The goal of this tutorial is to learn how to use IRBuilder to create various LLVM IR objects. We assume you have already taken the previous more fundamental tutorials:

2. Test Clang/LLVM

Clang/LLVM has already been installed in the the docker-based online terminal on the right panel.

To test clang, try the following command line:

clang --version

You should see the version information after the commands above.

3. Obtain Example Source Files

git clone https://github.com/freeCompilerCamp/code-for-llvm-tutorials.git
cd code-for-llvm-tutorials/first-function
ls

This git repository contains:

mul_add.c: an example program showing a function to be built,
tut1.cpp: the LLVM source file to build LLVM IR for the function,
makefile: makefile with targets to dump LLVM IR and build the program.

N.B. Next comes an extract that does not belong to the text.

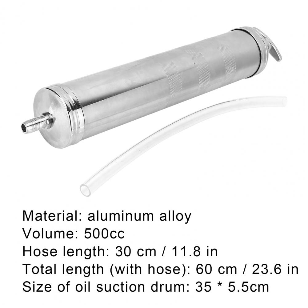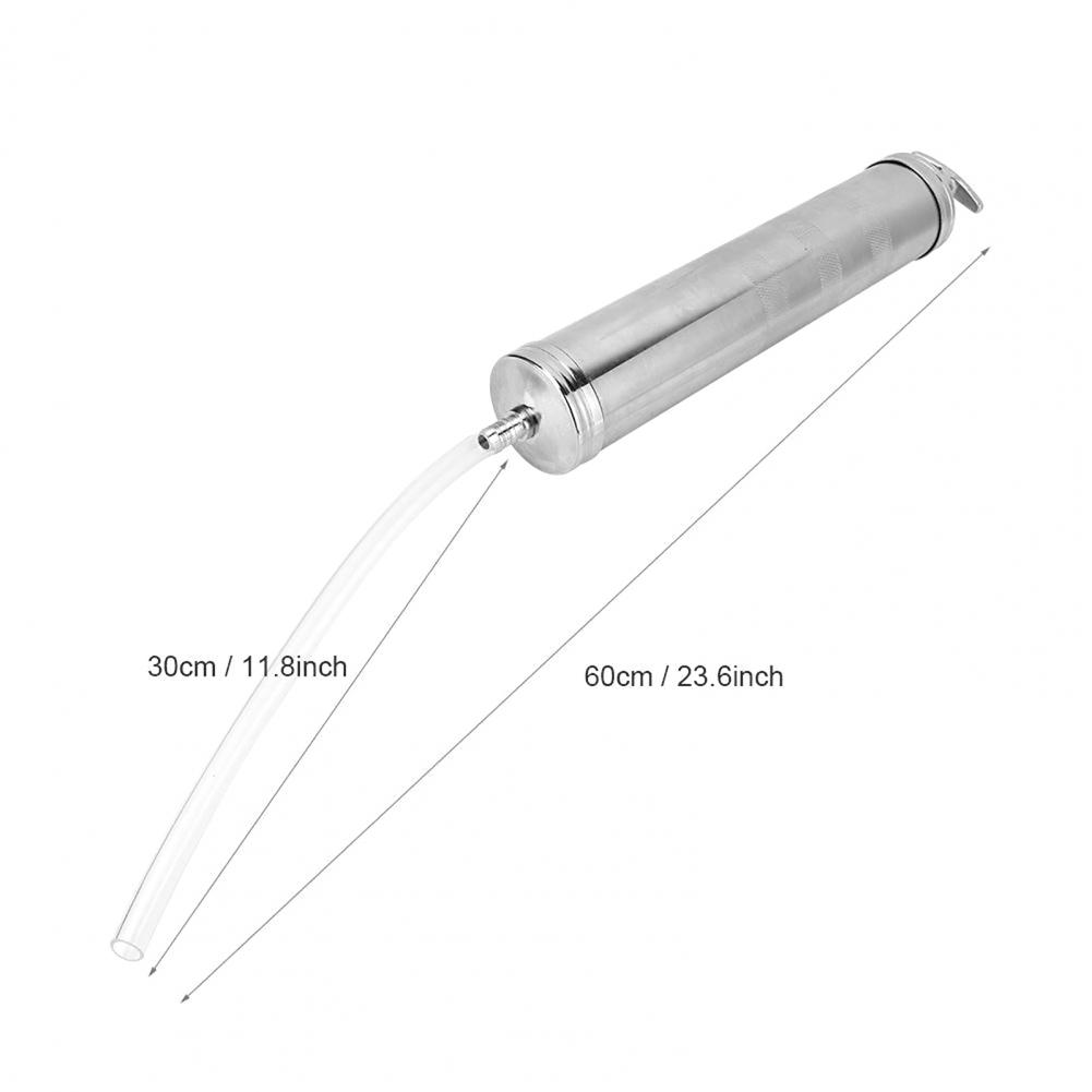 Общая длина составляет около 60 см, длина шланга составляет около 30 см, а длина всасывания масла цилиндр составляет около 35 см, Ширина-около 5,5 см.

4. Look Into the Function to be Built

You can use cat to look into the source file with a simple function:

cat mul_add.c

You should see the following content:

int mul_add(int x, int y, int z) {
return x * y + z;
}

This source file contains a simple mul_add function to perform a mutliply-add operation using three parameters x, y, and z. In order to build the LLVM IR representing this function, we can using clang to dump out its LLVM IR as a reference.

Type the following command line to generate mul_add.ll, the text output of LLVM IR of mul_add.c:

make mul_add.ll

You should see the following screen output:

clang -S -O3 -emit-llvm mul_add.c

The command line above will generate optimized version of LLVM IR, which is easier to understand.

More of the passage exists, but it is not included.